Manuel Gómez-Moreno González (26 June 1834 – 20 December 1918) was a Spanish painter, amateur archaeologist and professor. His son was the noted historian and archaeologist, Manuel Gómez-Moreno Martínez.

Biography 
He was born to a liberal family in Granada and was descended from "afrancesados". His father, owned a book store that carried out typography and book-binding. 
 
Upon discovering that he had a talent for art, he was enrolled at the "Escuela de Bellas Artes" and, seeing how quickly he learned, he was transferred to the Academia de Bellas Artes de San Fernando in Madrid, where he studied from 1857 to 1860 with Federico de Madrazo, Antonio María Esquivel and Juan Antonio Ribera.

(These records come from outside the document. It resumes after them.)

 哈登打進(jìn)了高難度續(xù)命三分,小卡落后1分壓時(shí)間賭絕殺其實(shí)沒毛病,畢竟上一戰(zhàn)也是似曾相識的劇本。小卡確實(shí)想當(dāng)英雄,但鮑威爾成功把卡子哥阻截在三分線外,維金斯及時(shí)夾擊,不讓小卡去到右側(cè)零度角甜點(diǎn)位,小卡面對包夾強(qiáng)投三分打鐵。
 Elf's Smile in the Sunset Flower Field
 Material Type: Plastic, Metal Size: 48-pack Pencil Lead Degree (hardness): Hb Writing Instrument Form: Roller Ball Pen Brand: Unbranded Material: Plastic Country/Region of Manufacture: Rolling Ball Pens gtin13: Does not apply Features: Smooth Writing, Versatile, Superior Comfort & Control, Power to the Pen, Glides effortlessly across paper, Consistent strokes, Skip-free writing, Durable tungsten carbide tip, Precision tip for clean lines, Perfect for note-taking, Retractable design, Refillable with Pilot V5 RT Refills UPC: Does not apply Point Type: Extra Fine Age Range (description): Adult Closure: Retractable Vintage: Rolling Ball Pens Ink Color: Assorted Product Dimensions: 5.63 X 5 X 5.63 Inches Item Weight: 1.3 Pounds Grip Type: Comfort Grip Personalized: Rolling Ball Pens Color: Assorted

Following his return to Granada, he found himself in economic difficulties. This was eased somewhat after winning prizes in 1861 and 1862 at events related to Corpus Christi festivities, organized by the city government of Granada, which resulted in several  commissions.

In 1867, he obtained a position as a professor of drawing at the "Colegio de San Bartolomé y Santiago". He also taught classes at the "Escuela de Artes y Oficios del Asilo de San José" and, until 1888, he held the chair of decorative composition at the "Escuela de Bellas Artes". In the evenings, he gave private lessons for free.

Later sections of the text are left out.